Social media is, if anything, even worse. I belong to several editing-related groups on Facebook. This is where I go to find answers that aren’t in the dictionaries or style guides, like “Is this sense of ‘set off’ common in the U.S.?” Pretty soon, though, I’m responding to another editor’s query, or checking up on breaking news, or reading an interesting commentary that a friend recommended. Rabbit holes and looking-glasses everywhere!

Gizmo with beer can. I have been a T. E. Lawrence fan since I was about 9. My taste for beer is relatively recent.

So when I edit on paper, Kore the laptop sits on her lapdesk on the floor at my feet, usually with the lid closed. To wake her up every time I want to check a name or date would absolutely add appreciably to my billable time and wreck my concentration too.

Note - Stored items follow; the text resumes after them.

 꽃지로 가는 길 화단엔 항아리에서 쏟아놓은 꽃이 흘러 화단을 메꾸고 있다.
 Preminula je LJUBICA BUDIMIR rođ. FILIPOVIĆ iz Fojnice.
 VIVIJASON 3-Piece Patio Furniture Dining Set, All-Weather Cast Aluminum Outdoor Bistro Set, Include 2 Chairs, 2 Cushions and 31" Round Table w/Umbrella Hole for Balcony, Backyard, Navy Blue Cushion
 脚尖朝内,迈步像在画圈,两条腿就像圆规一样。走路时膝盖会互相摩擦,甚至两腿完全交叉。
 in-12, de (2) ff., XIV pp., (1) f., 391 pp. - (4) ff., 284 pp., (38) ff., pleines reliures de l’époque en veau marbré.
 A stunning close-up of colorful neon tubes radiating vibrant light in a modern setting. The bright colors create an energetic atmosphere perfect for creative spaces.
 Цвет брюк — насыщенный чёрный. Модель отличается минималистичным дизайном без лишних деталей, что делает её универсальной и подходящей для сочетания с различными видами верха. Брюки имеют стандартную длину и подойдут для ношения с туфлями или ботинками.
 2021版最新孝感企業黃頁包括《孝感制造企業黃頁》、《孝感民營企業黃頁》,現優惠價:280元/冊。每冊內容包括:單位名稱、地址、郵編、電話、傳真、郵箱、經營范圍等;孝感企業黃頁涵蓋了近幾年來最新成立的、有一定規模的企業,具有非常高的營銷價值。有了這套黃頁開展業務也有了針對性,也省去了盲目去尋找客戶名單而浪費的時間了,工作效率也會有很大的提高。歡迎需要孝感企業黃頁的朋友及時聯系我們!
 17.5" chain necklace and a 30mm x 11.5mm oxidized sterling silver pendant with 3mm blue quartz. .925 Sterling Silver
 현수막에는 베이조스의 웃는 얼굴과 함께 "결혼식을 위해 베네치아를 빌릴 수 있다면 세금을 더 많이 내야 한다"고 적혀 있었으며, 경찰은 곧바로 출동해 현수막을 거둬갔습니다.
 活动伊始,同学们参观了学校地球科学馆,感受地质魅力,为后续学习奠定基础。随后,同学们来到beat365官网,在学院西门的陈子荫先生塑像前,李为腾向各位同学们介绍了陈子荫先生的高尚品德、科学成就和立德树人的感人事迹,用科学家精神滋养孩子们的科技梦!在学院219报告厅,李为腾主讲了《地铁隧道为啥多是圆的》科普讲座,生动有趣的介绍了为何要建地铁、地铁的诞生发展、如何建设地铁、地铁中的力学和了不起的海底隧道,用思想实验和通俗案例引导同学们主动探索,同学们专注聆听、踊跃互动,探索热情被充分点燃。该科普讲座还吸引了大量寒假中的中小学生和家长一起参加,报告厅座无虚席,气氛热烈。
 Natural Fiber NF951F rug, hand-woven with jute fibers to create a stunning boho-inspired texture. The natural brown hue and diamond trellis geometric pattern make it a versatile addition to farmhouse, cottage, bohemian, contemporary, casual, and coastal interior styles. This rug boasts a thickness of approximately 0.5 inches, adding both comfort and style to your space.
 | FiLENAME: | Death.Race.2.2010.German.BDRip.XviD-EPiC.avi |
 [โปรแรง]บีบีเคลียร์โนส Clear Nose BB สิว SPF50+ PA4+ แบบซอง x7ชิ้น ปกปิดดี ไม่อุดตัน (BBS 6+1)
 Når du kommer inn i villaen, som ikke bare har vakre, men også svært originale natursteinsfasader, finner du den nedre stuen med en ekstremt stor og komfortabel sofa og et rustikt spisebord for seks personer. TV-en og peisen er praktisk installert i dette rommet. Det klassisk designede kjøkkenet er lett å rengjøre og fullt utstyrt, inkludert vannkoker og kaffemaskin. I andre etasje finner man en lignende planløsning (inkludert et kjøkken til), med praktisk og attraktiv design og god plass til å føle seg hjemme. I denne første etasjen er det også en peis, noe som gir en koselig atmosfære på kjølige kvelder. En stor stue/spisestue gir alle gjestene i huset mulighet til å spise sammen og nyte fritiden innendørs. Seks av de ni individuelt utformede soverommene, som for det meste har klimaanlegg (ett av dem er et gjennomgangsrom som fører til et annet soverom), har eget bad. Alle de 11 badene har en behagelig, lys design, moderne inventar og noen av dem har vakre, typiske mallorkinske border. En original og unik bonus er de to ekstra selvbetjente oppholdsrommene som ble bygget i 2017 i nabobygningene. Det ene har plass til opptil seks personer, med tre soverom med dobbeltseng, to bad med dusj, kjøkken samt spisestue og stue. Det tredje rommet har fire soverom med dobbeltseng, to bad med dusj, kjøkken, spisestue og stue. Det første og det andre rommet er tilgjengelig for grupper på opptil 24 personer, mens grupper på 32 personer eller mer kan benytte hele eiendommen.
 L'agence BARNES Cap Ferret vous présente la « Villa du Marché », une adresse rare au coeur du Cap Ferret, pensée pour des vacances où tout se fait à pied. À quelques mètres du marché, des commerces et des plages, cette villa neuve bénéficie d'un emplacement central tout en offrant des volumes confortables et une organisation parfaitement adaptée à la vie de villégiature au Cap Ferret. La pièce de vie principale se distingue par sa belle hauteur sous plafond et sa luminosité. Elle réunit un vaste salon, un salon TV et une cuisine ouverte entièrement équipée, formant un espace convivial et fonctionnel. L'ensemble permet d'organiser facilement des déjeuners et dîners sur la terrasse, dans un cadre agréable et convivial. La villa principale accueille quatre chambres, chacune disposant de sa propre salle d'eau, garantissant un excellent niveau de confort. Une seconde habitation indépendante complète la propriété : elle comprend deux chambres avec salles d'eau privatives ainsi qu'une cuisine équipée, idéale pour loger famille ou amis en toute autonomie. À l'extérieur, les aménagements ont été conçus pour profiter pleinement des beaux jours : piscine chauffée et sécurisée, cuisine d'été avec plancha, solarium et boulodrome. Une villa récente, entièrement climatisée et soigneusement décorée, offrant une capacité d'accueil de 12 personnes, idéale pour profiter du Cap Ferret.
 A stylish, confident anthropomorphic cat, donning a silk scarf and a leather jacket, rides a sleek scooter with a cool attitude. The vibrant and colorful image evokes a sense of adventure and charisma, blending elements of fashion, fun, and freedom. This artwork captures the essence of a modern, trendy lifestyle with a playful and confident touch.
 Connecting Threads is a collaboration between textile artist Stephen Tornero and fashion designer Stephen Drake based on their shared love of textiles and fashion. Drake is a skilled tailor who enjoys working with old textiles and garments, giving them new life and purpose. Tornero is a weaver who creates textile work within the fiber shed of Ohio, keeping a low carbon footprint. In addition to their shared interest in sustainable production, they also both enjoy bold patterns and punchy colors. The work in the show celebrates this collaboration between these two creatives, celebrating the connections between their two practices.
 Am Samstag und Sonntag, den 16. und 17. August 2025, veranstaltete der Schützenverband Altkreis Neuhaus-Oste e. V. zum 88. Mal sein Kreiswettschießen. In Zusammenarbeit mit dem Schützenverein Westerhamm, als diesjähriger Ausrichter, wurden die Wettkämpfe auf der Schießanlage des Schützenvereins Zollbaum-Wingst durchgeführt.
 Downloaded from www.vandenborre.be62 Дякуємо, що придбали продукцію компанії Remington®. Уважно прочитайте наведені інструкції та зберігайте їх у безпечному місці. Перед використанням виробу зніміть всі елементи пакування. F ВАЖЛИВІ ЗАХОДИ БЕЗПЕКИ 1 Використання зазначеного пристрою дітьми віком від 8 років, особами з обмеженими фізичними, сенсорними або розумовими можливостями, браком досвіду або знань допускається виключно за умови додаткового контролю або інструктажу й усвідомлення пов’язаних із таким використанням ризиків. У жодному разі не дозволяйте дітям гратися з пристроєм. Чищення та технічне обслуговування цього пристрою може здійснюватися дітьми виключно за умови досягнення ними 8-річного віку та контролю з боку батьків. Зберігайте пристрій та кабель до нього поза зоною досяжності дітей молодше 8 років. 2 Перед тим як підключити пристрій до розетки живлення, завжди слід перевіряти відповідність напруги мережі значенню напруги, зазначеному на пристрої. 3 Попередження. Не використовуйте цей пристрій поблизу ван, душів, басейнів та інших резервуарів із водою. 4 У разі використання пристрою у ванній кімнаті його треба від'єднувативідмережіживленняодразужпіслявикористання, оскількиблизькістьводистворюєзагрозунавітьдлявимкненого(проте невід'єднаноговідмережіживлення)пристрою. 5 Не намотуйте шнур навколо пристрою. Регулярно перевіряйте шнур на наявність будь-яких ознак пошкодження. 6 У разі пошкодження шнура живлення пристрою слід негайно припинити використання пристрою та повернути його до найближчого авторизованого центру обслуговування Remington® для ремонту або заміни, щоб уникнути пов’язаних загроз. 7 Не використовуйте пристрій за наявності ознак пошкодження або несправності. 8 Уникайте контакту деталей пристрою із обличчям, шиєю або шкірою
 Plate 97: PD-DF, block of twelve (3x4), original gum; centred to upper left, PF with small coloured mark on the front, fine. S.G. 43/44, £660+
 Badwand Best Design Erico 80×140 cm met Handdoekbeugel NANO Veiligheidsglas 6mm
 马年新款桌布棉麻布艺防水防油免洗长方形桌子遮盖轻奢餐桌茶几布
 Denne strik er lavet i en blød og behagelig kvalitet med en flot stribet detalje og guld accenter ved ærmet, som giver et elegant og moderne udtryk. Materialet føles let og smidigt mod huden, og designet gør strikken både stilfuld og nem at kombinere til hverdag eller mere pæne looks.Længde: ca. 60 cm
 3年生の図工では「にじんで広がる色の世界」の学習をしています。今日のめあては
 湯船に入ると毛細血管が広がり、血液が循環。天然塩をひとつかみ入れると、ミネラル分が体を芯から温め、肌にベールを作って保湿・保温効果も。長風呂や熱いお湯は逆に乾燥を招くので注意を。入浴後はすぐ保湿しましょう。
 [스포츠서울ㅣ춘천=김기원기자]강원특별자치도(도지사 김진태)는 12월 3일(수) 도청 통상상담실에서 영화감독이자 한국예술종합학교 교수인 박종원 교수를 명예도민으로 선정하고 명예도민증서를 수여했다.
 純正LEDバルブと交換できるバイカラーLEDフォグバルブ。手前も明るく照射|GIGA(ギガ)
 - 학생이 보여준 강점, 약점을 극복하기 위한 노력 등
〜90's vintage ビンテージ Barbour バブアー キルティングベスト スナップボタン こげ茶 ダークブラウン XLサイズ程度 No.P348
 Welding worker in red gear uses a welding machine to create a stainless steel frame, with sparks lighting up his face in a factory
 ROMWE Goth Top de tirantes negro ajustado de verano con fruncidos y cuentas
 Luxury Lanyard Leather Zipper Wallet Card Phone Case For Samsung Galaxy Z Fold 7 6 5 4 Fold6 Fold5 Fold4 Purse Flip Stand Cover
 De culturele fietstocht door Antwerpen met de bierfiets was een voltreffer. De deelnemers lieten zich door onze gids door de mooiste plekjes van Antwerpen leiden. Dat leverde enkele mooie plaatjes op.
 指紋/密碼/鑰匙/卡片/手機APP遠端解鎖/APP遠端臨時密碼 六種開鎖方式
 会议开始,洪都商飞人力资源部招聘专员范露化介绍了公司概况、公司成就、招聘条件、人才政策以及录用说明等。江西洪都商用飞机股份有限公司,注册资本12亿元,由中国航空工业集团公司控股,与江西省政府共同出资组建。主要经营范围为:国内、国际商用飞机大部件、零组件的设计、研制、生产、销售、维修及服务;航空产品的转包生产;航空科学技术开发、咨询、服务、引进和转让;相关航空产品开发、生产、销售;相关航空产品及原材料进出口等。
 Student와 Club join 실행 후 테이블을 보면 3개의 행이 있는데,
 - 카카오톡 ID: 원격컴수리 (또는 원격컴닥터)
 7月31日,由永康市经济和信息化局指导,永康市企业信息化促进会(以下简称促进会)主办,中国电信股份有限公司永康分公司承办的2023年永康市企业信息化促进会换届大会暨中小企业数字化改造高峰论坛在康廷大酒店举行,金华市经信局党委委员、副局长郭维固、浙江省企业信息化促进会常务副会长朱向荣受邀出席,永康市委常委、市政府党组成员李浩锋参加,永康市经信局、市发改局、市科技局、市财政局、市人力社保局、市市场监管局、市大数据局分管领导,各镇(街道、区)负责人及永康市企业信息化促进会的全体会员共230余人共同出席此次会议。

So I flag the things I want to look up on Post-it notes and do it all in batches.

For access to dictionaries, I use Gizmo, my little tablet. I guess I could use Gizmo for fact-checking too, but the small screen and the virtual keyboard are not my friends, so I don’t.

Logging words, names, and style decisions in my style sheet is likewise clunkier when I edit on paper. (Aside: If you aren’t on a first-name basis with style sheets, check out my 2014 blog post on the subject: “What’s a Style Sheet?” You may already be keeping one without calling it that. When it comes time to work with an editor, your editor will be seriously impressed if you give her/him a style sheet. Trust me on this. )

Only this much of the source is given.